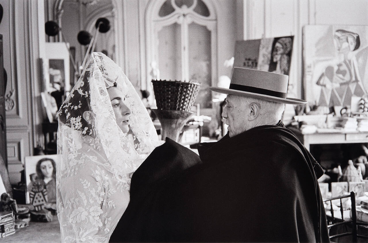 DescriptionImage of Picasso wearing a cape and standing across from Jacqueline who is wearing a lace veil.Copyright© Harry Ransom Center, The University of Texas at Austin
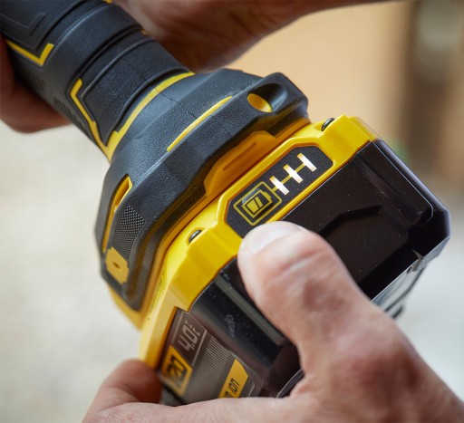 - Dzięki udoskonalonej technologii akumulatorowej, brakowi efektu pamięci i minimalnemu poziomowi samoczynnego rozładowywania, litowo-jonowy akumulator V20 jest gotowy do pracy, kiedykolwiek zechcesz i gdziekolwiek musisz działać, a dodatkowo zapewnia dłuższą pracę narzędzia.
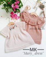 ? Платье 'Mary Dress'- это очаровательное платьице свободного фасона для девочек, бесшовное, связанное регланом сверху. Особое внимание уделено таким понятиям как росток, реглан и подрезы. Если вы хотите побаловать своих модниц красивым платьем, тогда это пособие точно для вас! На свой выбор вы будете украшать платье вышивкой или воланом по кокетке ( в описании даны оба варианта).
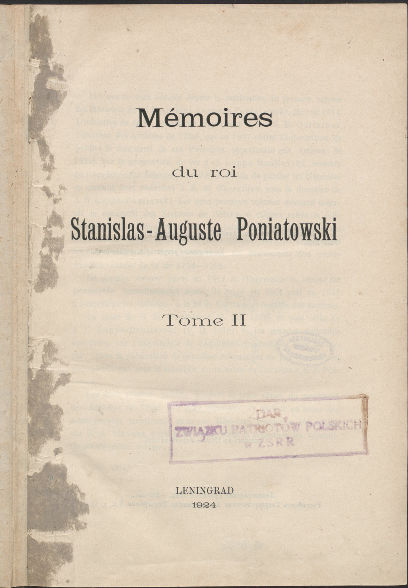 Mémoires du roi Stanislas-Auguste Poniatowski - strona tytułowa z pieczątką
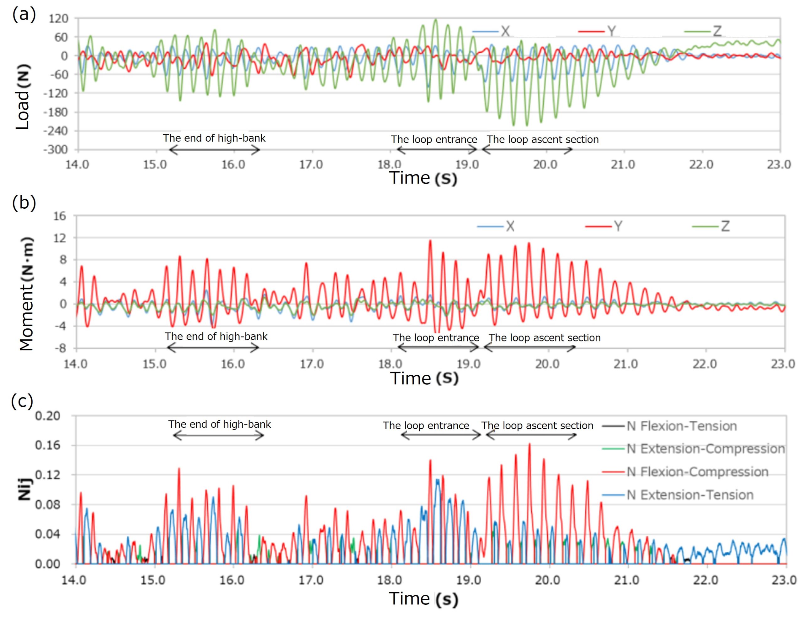 ただし、先述の通り、共振周波数が[7]の値になるのは、背もたれが無く、かつ力が入っていない場合です。また、ループ入口部では、極めて大きな荷重変化が起きています。カーブにおける振動によって背もたれに背中を強打した、という報告もあることから、まずは大バンクでの振動によって身体が背もたれから離れ、その後はループ入口部まで前方傾斜であることから姿勢が戻されず、さらにループ入口部において、人体頭部の共振周波数と同じ周波数で、急激にプラス荷重がかかったことで、負傷に至ったのではないかと考えます。

········

* Task item
What you need to produce is an exact copy of the entries above, limited to the lines from the one with "даны оба варианта)." up to and including the one with "Mémoires du roi", without pictures.

* Task solution
 ? Платье 'Mary Dress'- это очаровательное платьице свободного фасона для девочек, бесшовное, связанное регланом сверху. Особое внимание уделено таким понятиям как росток, реглан и подрезы. Если вы хотите побаловать своих модниц красивым платьем, тогда это пособие точно для вас! На свой выбор вы будете украшать платье вышивкой или воланом по кокетке ( в описании даны оба варианта).
 Mémoires du roi Stanislas-Auguste Poniatowski - strona tytułowa z pieczątką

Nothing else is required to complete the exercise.